* Supplied data
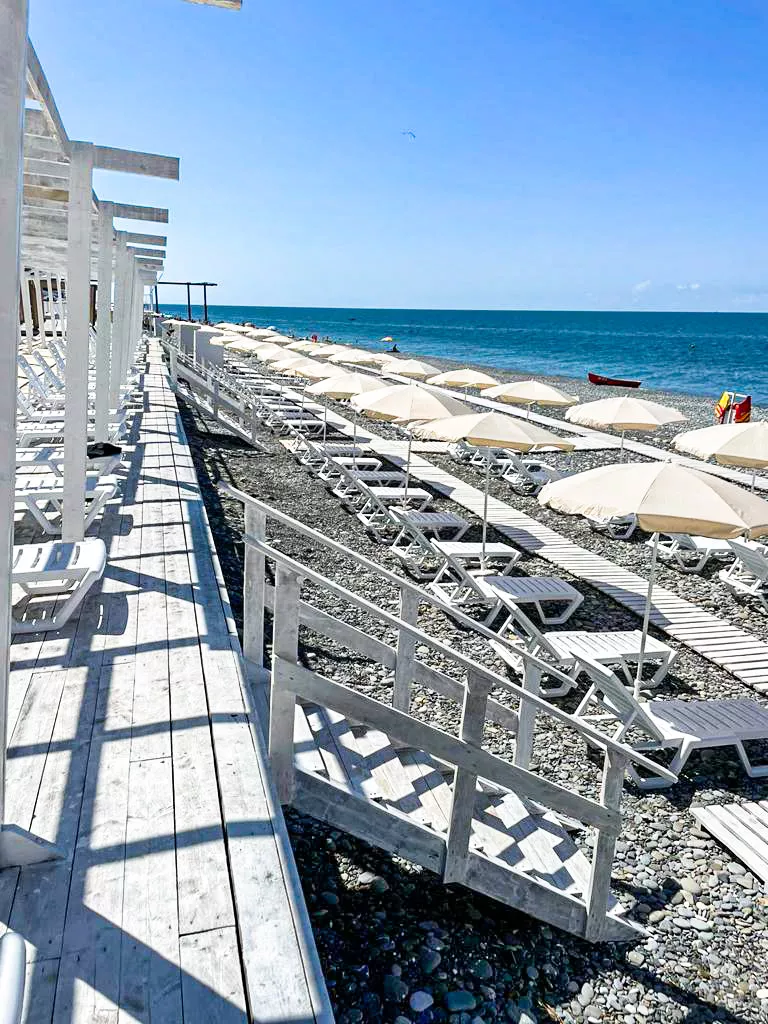 - Наличие собственного пляжа с раздевалками, душевыми и уборными
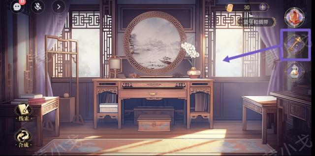 11.点击柜子上的密码锁,根据[书房]床榻上的卷轴上的线索,调整密码锁:福报和贵安
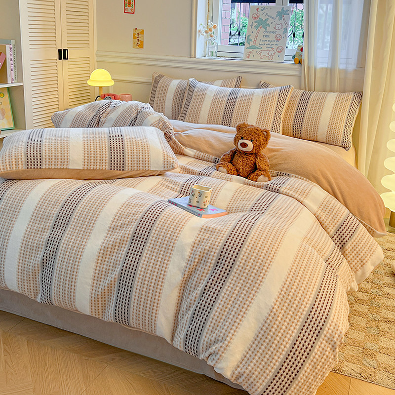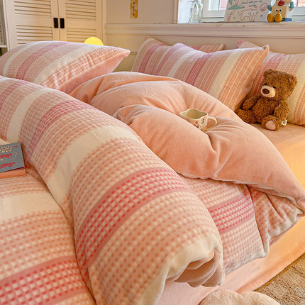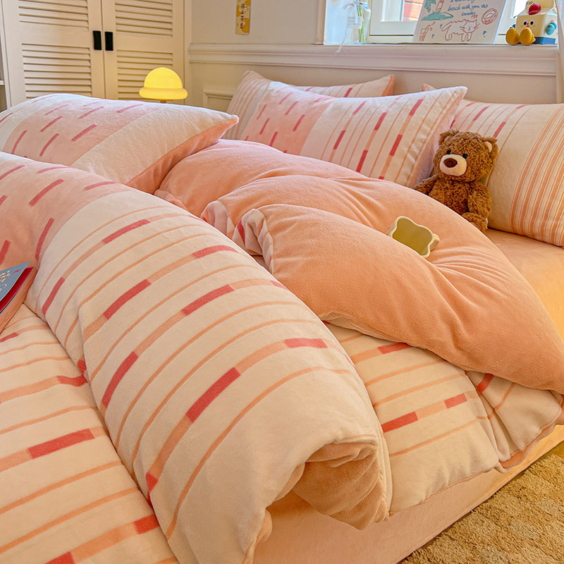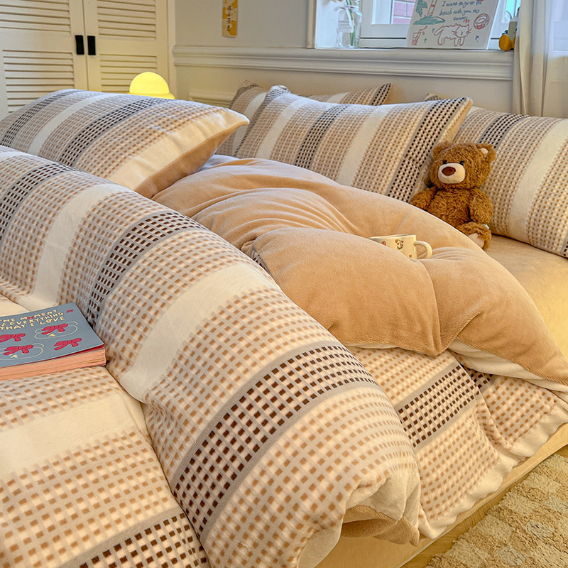 冬加厚牛奶绒床上四件套保暖床单被套床笠双面珊瑚绒法兰绒三件套
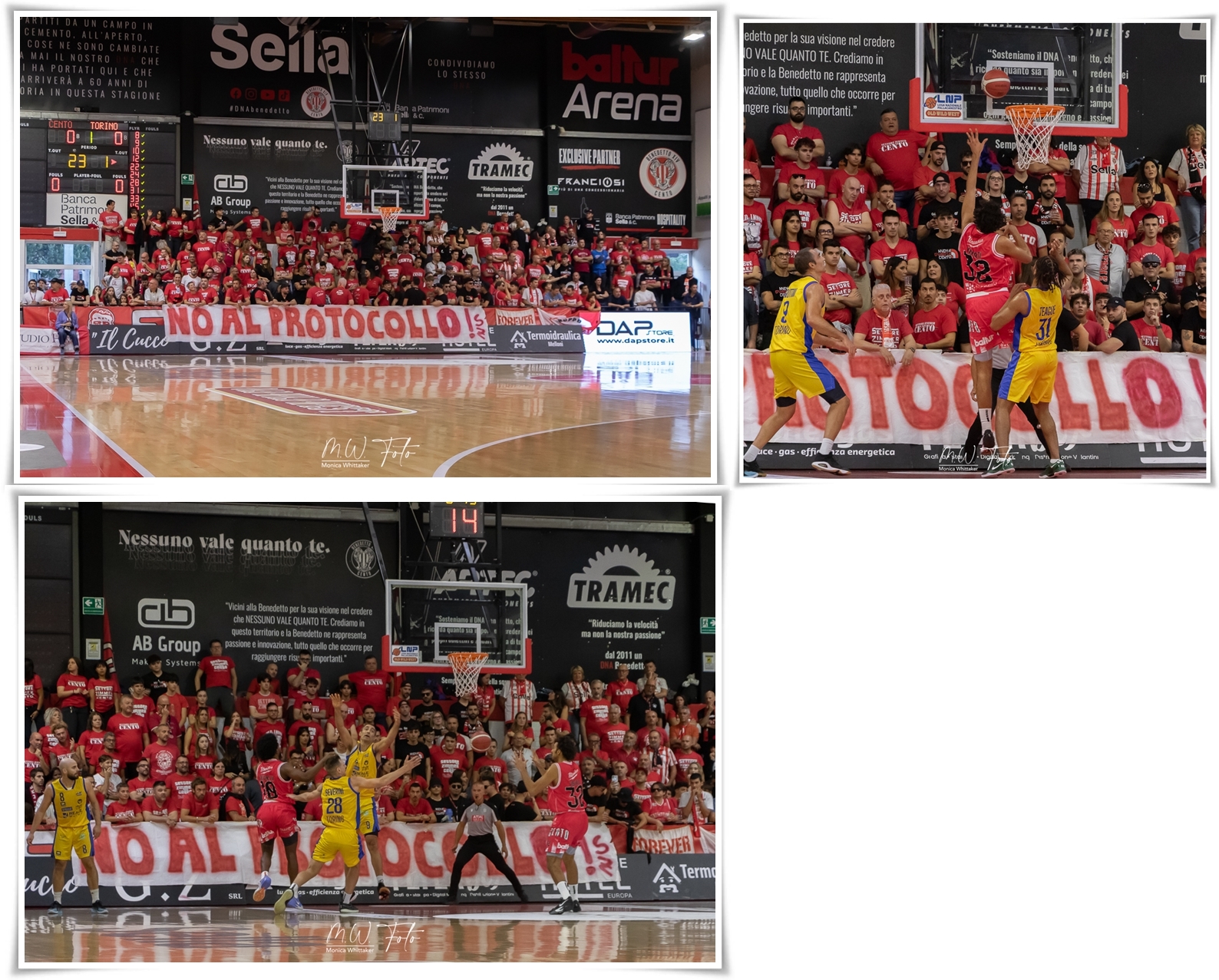 Devoe, Tiberti) e parte con piglio aggressivo: Berdini segna i primi punti del periodo e Tiberti recupera palloni preziosi, mentre Davis conclude in contropiede su assist di Conti per riportare i biancorossi a -3 (40-43). Berdini orchestra bene il gioco, firma anche una stoppata spettacolare e manda Tiberti in lunetta, ma Torino risponde con la tripla del 33 e i canestri di Allen che le consentono di tornare a +8. Cento però non si arrende: Conti si guadagna liberi e segna in transizione, Tanfoglio entra e intercetta, confezionando con il capitano l’assist che porta di nuovo Conti a canestro. Poco dopo arrivano anche i primi punti di Tanfoglio, ma Torino continua a muovere bene la palla, trovando la tripla del 46 e altri canestri che fissano il punteggio sul 48-57 al termine del terzo quarto.

* Work order
The answer is the whole listing retyped exactly, with pictures omitted.

* Expected output
 - Наличие собственного пляжа с раздевалками, душевыми и уборными
 11.点击柜子上的密码锁,根据[书房]床榻上的卷轴上的线索,调整密码锁:福报和贵安
 冬加厚牛奶绒床上四件套保暖床单被套床笠双面珊瑚绒法兰绒三件套
 Devoe, Tiberti) e parte con piglio aggressivo: Berdini segna i primi punti del periodo e Tiberti recupera palloni preziosi, mentre Davis conclude in contropiede su assist di Conti per riportare i biancorossi a -3 (40-43). Berdini orchestra bene il gioco, firma anche una stoppata spettacolare e manda Tiberti in lunetta, ma Torino risponde con la tripla del 33 e i canestri di Allen che le consentono di tornare a +8. Cento però non si arrende: Conti si guadagna liberi e segna in transizione, Tanfoglio entra e intercetta, confezionando con il capitano l’assist che porta di nuovo Conti a canestro. Poco dopo arrivano anche i primi punti di Tanfoglio, ma Torino continua a muovere bene la palla, trovando la tripla del 46 e altri canestri che fissano il punteggio sul 48-57 al termine del terzo quarto.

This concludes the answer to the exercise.